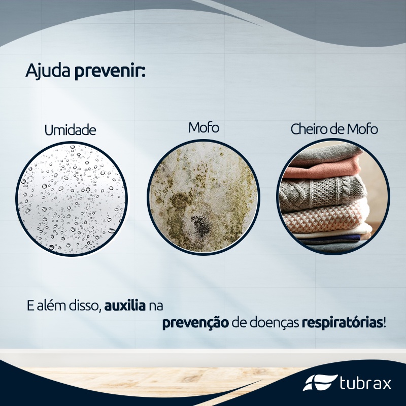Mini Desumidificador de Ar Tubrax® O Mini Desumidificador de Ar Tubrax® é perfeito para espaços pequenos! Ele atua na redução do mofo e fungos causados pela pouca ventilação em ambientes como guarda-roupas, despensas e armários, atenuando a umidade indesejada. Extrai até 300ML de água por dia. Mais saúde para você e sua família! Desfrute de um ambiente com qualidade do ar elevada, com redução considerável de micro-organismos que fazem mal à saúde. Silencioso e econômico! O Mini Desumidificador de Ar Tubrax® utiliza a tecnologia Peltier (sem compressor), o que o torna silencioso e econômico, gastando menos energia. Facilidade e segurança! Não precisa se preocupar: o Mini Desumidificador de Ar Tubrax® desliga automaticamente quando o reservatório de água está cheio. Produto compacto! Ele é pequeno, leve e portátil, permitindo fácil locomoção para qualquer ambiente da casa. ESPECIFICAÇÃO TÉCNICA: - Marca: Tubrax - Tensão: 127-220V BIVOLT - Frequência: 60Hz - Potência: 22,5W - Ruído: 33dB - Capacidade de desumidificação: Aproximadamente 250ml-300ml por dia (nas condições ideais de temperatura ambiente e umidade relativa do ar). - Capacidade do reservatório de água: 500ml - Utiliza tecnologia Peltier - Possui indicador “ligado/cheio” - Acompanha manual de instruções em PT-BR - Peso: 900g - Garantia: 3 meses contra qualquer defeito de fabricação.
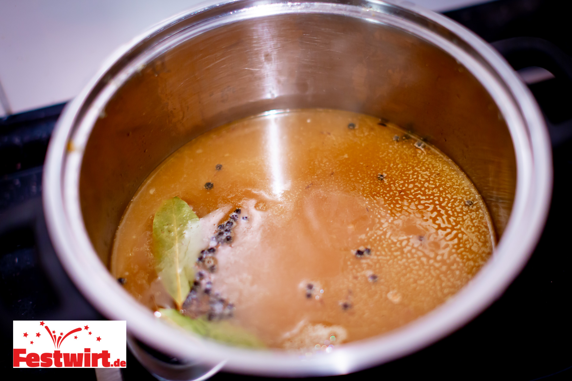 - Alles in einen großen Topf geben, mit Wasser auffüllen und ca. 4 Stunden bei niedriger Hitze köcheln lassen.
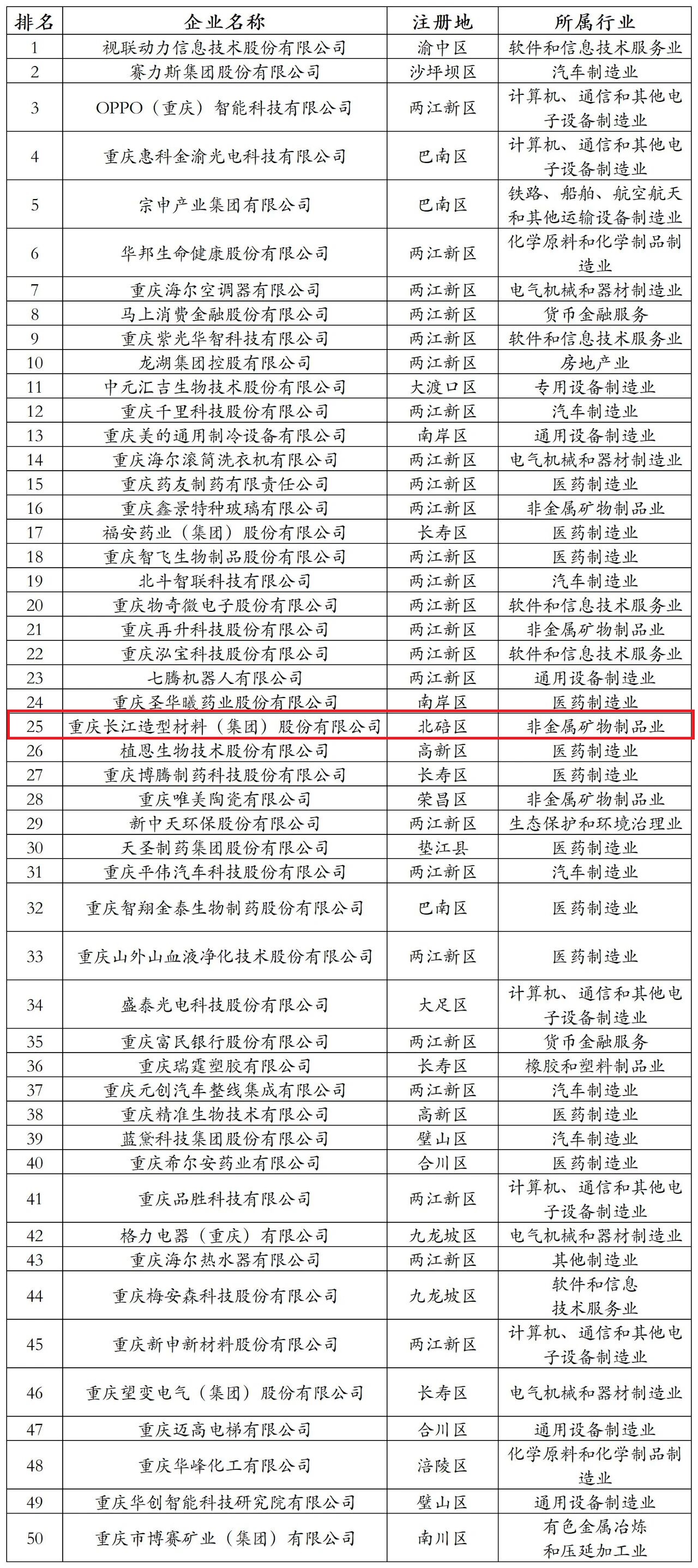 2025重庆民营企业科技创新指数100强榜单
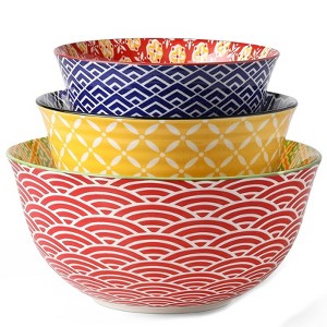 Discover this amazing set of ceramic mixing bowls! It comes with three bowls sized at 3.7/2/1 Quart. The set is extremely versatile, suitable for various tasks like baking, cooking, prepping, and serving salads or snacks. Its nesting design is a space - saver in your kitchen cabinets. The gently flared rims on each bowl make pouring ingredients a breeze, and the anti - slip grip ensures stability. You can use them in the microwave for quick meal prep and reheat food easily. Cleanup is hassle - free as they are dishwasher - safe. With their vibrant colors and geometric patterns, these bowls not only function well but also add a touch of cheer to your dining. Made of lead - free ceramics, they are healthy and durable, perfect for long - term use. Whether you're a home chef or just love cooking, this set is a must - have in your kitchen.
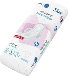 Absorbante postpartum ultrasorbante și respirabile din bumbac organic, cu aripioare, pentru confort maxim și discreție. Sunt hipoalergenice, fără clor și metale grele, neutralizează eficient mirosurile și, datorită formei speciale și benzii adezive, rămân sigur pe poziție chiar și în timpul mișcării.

=====

▸ WHAT THE TASK REQUIRES
Leave out the pictures and output everything else in the records exactly.

▸ TASK RESPONSE
Mini Desumidificador de Ar Tubrax® O Mini Desumidificador de Ar Tubrax® é perfeito para espaços pequenos! Ele atua na redução do mofo e fungos causados pela pouca ventilação em ambientes como guarda-roupas, despensas e armários, atenuando a umidade indesejada. Extrai até 300ML de água por dia. Mais saúde para você e sua família! Desfrute de um ambiente com qualidade do ar elevada, com redução considerável de micro-organismos que fazem mal à saúde. Silencioso e econômico! O Mini Desumidificador de Ar Tubrax® utiliza a tecnologia Peltier (sem compressor), o que o torna silencioso e econômico, gastando menos energia. Facilidade e segurança! Não precisa se preocupar: o Mini Desumidificador de Ar Tubrax® desliga automaticamente quando o reservatório de água está cheio. Produto compacto! Ele é pequeno, leve e portátil, permitindo fácil locomoção para qualquer ambiente da casa. ESPECIFICAÇÃO TÉCNICA: - Marca: Tubrax - Tensão: 127-220V BIVOLT - Frequência: 60Hz - Potência: 22,5W - Ruído: 33dB - Capacidade de desumidificação: Aproximadamente 250ml-300ml por dia (nas condições ideais de temperatura ambiente e umidade relativa do ar). - Capacidade do reservatório de água: 500ml - Utiliza tecnologia Peltier - Possui indicador “ligado/cheio” - Acompanha manual de instruções em PT-BR - Peso: 900g - Garantia: 3 meses contra qualquer defeito de fabricação.
 - Alles in einen großen Topf geben, mit Wasser auffüllen und ca. 4 Stunden bei niedriger Hitze köcheln lassen.
 2025重庆民营企业科技创新指数100强榜单
 Discover this amazing set of ceramic mixing bowls! It comes with three bowls sized at 3.7/2/1 Quart. The set is extremely versatile, suitable for various tasks like baking, cooking, prepping, and serving salads or snacks. Its nesting design is a space - saver in your kitchen cabinets. The gently flared rims on each bowl make pouring ingredients a breeze, and the anti - slip grip ensures stability. You can use them in the microwave for quick meal prep and reheat food easily. Cleanup is hassle - free as they are dishwasher - safe. With their vibrant colors and geometric patterns, these bowls not only function well but also add a touch of cheer to your dining. Made of lead - free ceramics, they are healthy and durable, perfect for long - term use. Whether you're a home chef or just love cooking, this set is a must - have in your kitchen.
 Absorbante postpartum ultrasorbante și respirabile din bumbac organic, cu aripioare, pentru confort maxim și discreție. Sunt hipoalergenice, fără clor și metale grele, neutralizează eficient mirosurile și, datorită formei speciale și benzii adezive, rămân sigur pe poziție chiar și în timpul mișcării.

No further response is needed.